This information is intended for use by health professionals

1. Name of the medicinal product

Persantin® Retard 200 mg Modified Release Capsules, Hard

2. Qualitative and quantitative composition

Each modified release capsule contains dipyridamole 200 mg.

For excipients, see 6.1

3. Pharmaceutical form

Modified release capsules, hard.

Hard gelatin capsules consisting of a red cap and an orange body.

4. Clinical particulars
4.1 Therapeutic indications

- Secondary prevention of ischaemic stroke and transient ischaemic attacks either alone or in conjunction with aspirin.

- An adjunct to oral anti-coagulation for prophylaxis of thromboembolism associated with prosthetic heart valves.

4.2 Posology and method of administration

For oral administration.

Adults, including the elderly

The recommended dose is one capsule twice daily, usually one in the morning and one in the evening preferably with meals.
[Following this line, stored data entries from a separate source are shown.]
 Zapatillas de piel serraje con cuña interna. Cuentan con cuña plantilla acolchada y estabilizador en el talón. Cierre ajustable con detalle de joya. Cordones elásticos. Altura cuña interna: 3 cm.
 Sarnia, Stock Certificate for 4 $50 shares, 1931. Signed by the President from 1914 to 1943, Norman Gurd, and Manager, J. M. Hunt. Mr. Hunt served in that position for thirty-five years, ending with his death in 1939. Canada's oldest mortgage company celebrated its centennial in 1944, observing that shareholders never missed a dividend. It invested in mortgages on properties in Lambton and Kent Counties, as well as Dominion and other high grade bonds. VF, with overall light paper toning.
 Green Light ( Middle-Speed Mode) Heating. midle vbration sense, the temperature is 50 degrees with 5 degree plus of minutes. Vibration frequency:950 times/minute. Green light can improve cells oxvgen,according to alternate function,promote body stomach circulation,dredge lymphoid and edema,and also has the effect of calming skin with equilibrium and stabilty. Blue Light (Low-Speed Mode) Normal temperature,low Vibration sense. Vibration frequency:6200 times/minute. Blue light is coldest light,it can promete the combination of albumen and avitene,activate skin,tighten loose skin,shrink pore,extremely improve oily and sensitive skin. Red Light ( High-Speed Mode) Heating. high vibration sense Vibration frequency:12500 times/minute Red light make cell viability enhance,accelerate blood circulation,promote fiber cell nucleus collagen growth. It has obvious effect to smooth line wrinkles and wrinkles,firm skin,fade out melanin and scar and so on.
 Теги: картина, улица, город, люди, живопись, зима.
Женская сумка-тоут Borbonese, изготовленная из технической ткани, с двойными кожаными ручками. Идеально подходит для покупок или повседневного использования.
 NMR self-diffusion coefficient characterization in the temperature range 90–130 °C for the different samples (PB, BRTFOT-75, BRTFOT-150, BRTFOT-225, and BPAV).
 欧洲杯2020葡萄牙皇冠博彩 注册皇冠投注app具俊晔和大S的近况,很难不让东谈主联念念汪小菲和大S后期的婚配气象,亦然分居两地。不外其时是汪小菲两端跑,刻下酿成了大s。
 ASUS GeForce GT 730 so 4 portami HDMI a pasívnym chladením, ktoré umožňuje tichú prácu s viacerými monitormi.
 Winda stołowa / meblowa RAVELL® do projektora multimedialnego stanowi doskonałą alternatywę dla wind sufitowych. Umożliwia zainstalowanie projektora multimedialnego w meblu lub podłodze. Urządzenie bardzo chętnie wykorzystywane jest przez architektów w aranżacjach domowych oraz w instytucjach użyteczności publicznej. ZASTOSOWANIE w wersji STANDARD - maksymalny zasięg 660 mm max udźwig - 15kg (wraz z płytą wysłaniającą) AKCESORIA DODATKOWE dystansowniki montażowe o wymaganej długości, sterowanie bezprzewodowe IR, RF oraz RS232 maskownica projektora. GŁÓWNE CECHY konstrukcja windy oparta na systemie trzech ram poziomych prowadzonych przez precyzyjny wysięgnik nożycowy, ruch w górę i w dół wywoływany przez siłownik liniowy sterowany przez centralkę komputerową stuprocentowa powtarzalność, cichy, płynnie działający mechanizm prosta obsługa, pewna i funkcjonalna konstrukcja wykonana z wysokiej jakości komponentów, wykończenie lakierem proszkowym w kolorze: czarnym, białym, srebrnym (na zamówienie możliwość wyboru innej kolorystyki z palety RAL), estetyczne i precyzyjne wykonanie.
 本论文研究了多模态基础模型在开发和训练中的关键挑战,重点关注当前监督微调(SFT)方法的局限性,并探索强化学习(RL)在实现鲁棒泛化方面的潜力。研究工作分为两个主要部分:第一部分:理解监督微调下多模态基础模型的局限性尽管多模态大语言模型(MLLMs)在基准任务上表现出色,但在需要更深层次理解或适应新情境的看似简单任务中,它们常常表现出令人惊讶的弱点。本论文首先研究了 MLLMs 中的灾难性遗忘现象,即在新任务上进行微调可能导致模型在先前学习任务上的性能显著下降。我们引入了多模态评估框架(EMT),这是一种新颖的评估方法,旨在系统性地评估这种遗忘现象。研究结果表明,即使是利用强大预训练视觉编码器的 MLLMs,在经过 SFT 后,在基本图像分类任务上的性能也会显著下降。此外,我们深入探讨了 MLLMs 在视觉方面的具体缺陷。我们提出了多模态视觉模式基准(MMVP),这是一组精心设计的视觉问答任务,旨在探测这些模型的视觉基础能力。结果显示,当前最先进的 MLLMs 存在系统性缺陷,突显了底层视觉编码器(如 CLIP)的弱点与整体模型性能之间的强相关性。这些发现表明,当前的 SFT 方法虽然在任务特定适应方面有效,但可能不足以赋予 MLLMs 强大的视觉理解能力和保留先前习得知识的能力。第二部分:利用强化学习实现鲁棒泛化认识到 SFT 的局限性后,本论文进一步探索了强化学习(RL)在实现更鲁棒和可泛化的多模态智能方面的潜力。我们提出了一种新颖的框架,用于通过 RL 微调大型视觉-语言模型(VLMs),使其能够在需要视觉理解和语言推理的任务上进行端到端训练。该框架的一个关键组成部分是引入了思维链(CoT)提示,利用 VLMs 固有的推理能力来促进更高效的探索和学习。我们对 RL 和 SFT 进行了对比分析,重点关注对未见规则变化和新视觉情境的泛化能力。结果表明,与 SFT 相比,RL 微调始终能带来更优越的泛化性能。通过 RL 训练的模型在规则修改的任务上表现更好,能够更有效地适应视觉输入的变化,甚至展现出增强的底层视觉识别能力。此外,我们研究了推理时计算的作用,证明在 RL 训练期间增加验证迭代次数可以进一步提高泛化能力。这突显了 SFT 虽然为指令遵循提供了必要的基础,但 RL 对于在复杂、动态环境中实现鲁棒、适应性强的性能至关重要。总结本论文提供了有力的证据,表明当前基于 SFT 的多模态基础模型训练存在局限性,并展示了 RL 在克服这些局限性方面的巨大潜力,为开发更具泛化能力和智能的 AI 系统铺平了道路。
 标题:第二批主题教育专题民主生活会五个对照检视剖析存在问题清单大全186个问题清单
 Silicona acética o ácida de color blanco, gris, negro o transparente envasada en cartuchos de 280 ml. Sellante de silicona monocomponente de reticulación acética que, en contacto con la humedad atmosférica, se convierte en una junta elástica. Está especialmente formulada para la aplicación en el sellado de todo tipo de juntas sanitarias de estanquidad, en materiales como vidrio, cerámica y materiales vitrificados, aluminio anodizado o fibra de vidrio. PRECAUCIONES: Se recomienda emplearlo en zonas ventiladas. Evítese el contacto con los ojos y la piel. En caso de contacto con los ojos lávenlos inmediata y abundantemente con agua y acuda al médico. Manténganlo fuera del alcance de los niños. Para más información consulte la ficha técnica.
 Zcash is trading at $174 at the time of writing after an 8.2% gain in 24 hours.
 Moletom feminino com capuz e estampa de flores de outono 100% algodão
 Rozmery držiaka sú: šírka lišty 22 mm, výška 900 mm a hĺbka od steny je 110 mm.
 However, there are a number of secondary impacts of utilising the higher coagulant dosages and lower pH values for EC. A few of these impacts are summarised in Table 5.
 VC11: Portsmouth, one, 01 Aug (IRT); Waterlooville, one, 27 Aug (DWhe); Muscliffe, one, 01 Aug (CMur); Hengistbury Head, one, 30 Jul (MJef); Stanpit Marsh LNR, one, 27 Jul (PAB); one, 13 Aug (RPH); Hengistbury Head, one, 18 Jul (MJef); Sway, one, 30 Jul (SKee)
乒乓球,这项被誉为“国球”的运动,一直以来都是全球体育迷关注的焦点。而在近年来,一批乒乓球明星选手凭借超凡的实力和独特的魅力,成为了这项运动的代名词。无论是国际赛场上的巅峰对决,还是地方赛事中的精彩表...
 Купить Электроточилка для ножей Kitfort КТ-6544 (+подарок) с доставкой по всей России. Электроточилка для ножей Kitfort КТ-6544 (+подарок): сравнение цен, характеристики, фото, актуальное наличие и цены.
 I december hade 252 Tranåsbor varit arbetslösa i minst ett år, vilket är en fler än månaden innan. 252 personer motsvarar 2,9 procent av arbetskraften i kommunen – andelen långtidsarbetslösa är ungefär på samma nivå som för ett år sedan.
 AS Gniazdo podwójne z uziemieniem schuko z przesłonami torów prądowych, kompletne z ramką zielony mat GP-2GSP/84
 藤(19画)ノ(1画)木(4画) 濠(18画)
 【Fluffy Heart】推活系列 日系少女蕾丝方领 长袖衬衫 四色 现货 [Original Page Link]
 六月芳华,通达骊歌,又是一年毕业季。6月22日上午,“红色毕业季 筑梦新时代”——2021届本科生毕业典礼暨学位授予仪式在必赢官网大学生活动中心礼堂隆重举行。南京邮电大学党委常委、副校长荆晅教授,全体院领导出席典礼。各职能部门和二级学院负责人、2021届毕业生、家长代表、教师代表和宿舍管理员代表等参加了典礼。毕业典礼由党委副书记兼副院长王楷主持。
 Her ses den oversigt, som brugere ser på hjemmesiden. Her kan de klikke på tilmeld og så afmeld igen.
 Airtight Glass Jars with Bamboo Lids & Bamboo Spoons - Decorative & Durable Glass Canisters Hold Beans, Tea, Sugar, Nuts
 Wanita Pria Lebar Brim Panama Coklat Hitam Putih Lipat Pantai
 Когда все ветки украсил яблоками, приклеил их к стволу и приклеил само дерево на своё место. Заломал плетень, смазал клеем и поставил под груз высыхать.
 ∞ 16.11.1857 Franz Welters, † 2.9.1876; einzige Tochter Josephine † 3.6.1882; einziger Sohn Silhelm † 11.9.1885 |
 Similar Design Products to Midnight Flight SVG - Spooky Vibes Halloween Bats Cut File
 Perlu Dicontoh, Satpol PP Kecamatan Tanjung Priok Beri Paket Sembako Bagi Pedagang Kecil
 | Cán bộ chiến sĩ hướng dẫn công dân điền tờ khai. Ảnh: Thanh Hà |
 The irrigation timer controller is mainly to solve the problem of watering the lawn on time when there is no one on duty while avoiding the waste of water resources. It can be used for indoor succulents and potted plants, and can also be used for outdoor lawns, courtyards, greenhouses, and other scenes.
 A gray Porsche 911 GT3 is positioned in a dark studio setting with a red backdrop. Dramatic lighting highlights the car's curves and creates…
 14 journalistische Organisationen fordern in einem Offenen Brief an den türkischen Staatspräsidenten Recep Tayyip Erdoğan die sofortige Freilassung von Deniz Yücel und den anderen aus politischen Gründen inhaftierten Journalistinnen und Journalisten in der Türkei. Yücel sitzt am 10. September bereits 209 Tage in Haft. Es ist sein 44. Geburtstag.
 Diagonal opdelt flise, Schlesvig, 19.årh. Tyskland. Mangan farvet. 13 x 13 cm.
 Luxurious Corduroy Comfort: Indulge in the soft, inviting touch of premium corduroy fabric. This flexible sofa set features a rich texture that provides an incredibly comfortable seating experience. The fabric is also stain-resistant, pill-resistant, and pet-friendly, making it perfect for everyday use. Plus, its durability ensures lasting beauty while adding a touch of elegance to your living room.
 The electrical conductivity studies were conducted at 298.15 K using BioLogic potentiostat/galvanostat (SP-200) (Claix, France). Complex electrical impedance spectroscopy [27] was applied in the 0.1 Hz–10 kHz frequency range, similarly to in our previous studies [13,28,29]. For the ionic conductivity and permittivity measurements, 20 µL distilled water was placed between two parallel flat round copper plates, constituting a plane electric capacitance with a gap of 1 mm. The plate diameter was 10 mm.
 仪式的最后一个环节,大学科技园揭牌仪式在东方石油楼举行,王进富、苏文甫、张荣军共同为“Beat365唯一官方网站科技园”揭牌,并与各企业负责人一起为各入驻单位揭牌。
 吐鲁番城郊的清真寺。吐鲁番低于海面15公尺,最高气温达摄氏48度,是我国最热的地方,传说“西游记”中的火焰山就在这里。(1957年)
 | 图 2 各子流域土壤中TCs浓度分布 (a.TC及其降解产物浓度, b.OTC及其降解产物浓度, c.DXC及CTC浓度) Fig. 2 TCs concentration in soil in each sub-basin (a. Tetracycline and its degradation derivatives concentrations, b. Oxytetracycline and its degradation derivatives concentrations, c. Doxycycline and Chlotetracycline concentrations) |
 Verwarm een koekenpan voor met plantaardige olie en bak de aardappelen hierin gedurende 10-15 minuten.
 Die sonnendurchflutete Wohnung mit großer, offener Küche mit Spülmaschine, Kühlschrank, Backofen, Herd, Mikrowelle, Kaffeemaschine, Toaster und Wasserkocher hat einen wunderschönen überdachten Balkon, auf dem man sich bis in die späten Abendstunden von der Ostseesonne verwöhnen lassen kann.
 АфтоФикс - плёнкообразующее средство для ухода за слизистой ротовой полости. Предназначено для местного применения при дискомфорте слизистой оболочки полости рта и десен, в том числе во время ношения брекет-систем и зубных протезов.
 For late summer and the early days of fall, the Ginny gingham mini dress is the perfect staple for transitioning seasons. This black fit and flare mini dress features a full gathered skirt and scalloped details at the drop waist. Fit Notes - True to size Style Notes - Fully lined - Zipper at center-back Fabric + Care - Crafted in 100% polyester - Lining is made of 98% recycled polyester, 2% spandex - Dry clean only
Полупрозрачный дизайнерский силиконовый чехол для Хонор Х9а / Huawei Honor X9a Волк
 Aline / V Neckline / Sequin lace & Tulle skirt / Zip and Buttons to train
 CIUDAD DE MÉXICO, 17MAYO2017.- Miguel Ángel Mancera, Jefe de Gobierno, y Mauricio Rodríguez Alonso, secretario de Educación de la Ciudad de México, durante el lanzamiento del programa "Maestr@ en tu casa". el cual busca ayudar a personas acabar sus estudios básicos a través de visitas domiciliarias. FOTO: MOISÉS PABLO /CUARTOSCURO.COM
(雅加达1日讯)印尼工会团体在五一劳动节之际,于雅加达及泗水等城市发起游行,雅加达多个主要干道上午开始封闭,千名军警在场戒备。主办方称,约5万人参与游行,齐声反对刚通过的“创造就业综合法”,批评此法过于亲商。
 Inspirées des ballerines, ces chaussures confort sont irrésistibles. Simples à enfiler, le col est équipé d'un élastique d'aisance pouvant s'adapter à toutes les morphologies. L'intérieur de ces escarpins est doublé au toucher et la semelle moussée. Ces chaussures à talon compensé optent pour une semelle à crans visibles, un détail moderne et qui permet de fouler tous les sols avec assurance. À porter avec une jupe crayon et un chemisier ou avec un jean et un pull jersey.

The capsules should be swallowed whole without chewing.

Children

PERSANTIN Retard 200 mg is not recommended for children.

4.3 Contraindications

Hypersensitivity to any component of the product.

4.4 Special warnings and precautions for use

Among other properties, dipyridamole acts as a potent vasodilator. It should therefore be used with caution in patients with severe coronary artery disease including unstable angina and/or recent myocardial infarction, left ventricular outflow obstruction or haemodynamic instability (e.g. decompensated heart failure).

Patients being treated with regular oral doses of PERSANTIN Retard should not receive additional intravenous dipyridamole. Clinical experience suggests that patients being treated with oral dipyridamole who also require pharmacological stress testing with intravenous dipyridamole, should discontinue drugs containing oral dipyridamole for twenty-four hours prior to stress testing.

In patients with myasthenia gravis readjustment of therapy may be necessary after changes in dipyridamole dosage. (See Interactions).

PERSANTIN should be used with caution in patients with coagulation disorders.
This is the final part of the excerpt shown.